I can’t, she said. I’m too fat.
So he stopped to help her, but he wasn’t allowed to touch her hand, he was only allowed to throw her a long ribbon striped in red and white, like a barber’s pole. He kept throwing it, and she kept missing it. He would have to go over and help her. He climbed the barrier, hissing through his teeth as the steel scorched his hands and his bare thighs.
But he was too late.
Always.
Even as he straddled the hot, sharp metal, his mother slipped and stumbled and slid a little way down the bank on her knees.
Mum!
She laughed up at him, pretending it was funny, but it wasn’t funny.
Then she slid some more, and grabbed two handfuls of brittle grass to stop herself. The grass broke. But she kept on grabbing it and grabbing it, and it kept on breaking and breaking, and she slid down the bank in tufty jerks with her fists full of bundles of dry yellow stalks until she disappeared into the scrub far below …
Jack woke with his heart beating so hard he could hear it.
It wasn’t real! He wasn’t there! He was here, safe in bed, and the pillow under his cheek smelled of childhood. Like gym ropes and sparklers, and Marmite sandwiches in warm Tupperware.

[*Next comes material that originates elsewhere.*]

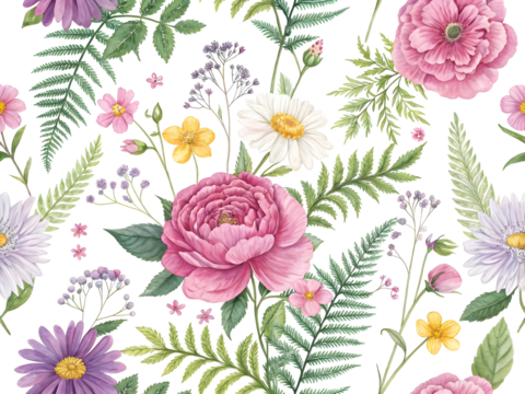 Lush watercolor floral seamless pattern with blooming pink roses, white daisies, and abundant botanical green foliage.

If he turned, he’d see last night’s underpants draped across the hairpin bend of his Scalextric track – the Monza edition. Ferrari v. Lamborghini. He always drove the Ferrari; Joy always got the Lambo. When she wasn’t around, he straightened and cleaned the brushes on the Ferrari so they made the best possible contact with the track.
He always won, and victory smelled like burning wire.
The sweat cooled on his forehead as his breathing evened out.
Soon Mum would call him for breakfast and he’d pretend not to hear.
Pretend he was still sleeping.
He closed his eyes. An extra few minutes before school …
Jack? Ja-a-a-ack!
Jack slowly opened his eyes and frowned at the Artex ceiling with its design of repeating fans.
There was no point. No matter how hard he tried, he could never pretend she was there.
Dreams died, but the nightmare of reality went on. Sometimes it was difficult for him to tell one from the other, as the past and its tattered variations haunted him whether awake or asleep. Sometimes Jack’s memories were so dark that he couldn’t make them out – and didn’t want to try.